What makes it different:
·
USQL Job – Every script submission is a Job with
4 steps (Prepare, Queue, execute and Finalize)
·
Very limited DML - USQL does not support Update
or Delete DML, · Initialize and Cleanup for tests
·
Invoking USQL procedure from C# code is not
possible.
·
Output is always a file.
·
Debugging USQL is little tricky.
·
USQL is still maturing language
Pre-requisite: –
LocalRunHelper.exe
(ADL Tools for Visual Studio) is the solution for testing USQL scripts. It
enables to have your code tested before running it on the Azure Data Lake.
Testing USQL on
ADL will be costly and it is obvious we want to test it locally (on developer’s
computer) before trying out anything on ADL.
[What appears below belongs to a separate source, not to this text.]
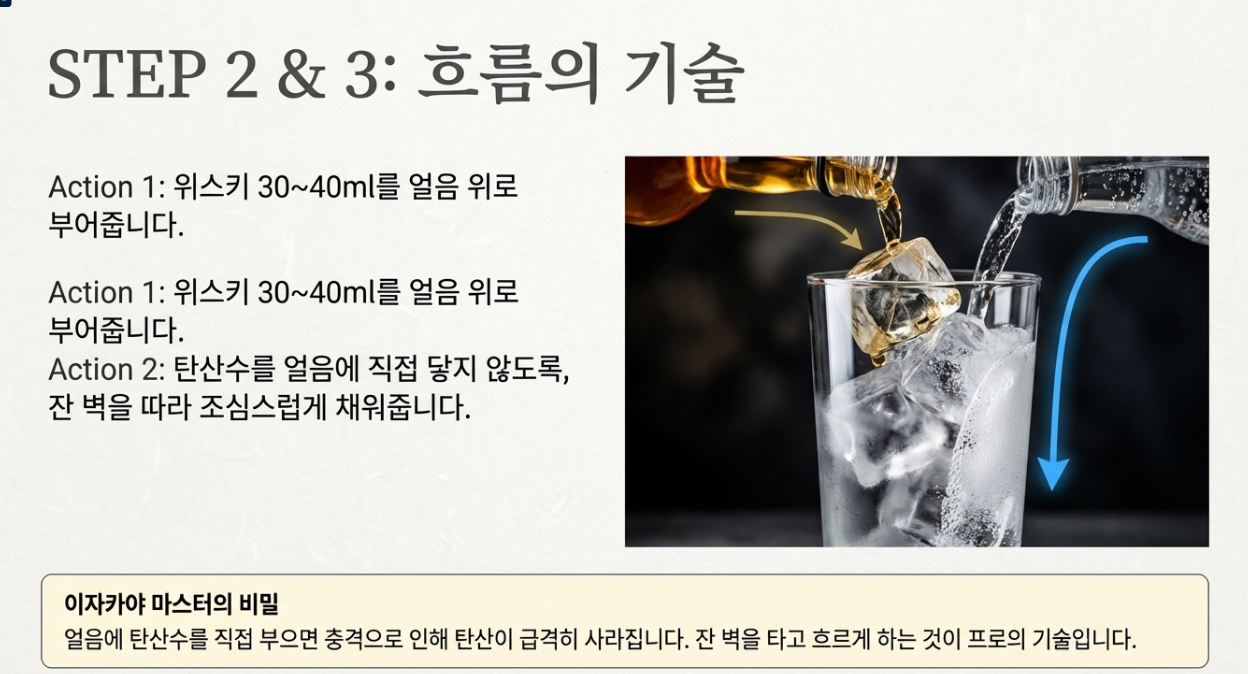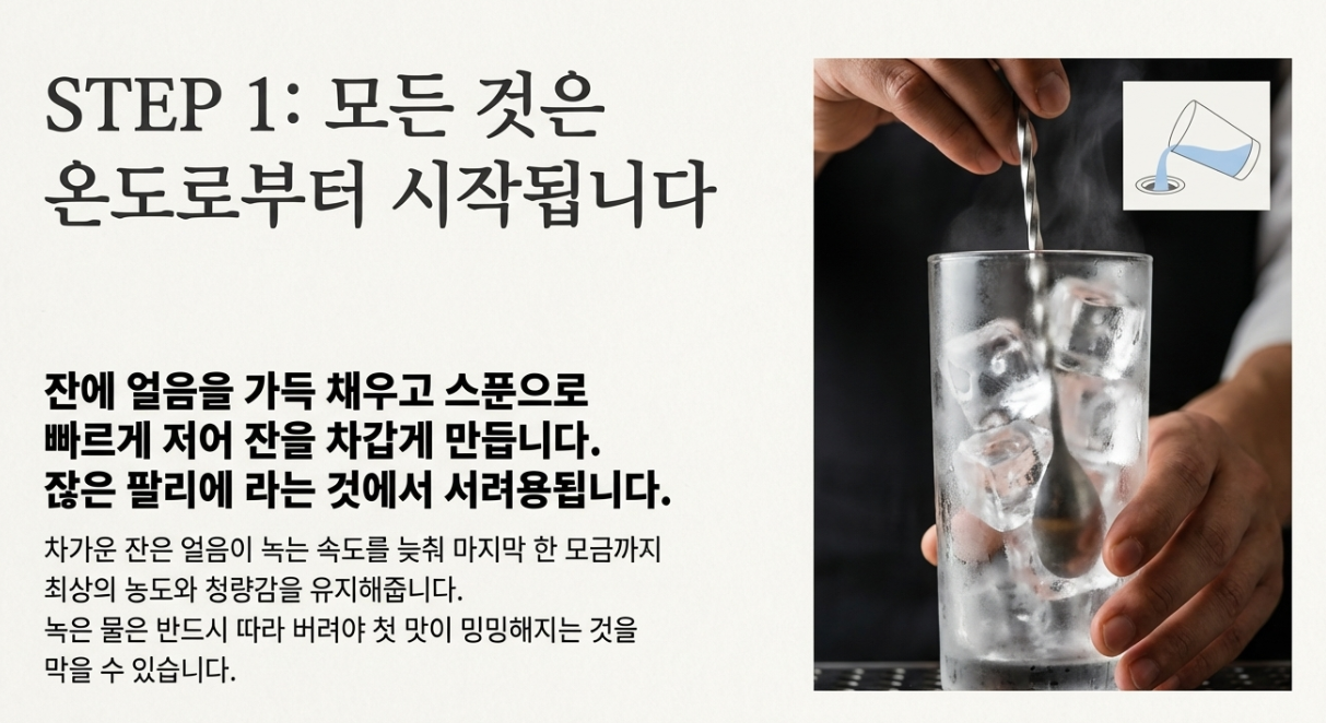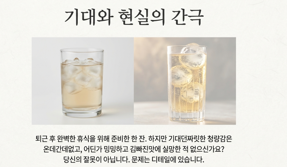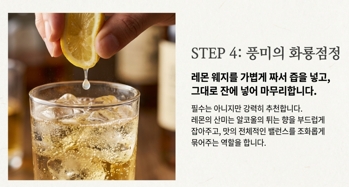 - 밸런스 (Balance): 위스키 향만 너무 강하거나, 반대로 맹물 맛이 나진 않나요? 1:3 비율에서 조금씩 가감하며 나만의 비율을 찾아보세요.

To test the USQL locally or on the build agent, we have to use
LocalRunHelper executable which comes as part of Azure Data Lake tools (ADL
Tools).
·
Like SSDT for SQL, we have Azure Data Lake and
Stream Analytics VSTS extension from Microsoft, which enables easy authoring,
debugging and tuning of Azure Data Lake Analytics queries, including U-SQL
scripts and Azure Stream Analytics jobs.
o You
can refer this link for initial set up - https://docs.microsoft.com/en-us/azure/data-lake-analytics/data-lake-analytics-u-sql-sdk
o VS2013/2015
- https://www.microsoft.com/en-us/download/details.aspx?id=49504
o VS2017
- Azure Data Lake Tools for Visual Studio is supported in Visual Studio 2017
15.3 or above. You can install this
using Visual Studio installer.
·
We have
started using ADL Tools version 2.2.9000.1 and recently upgraded to 2.3.3000.5
(latest version as of 7/15/2018 is 2.3.4000.3).
You can create
a USQL test project and USQL unit test file
You may need to copy the necessary files (ADL Tools and CppSDK) as part of the solution and
have your test project App.config refers to this path.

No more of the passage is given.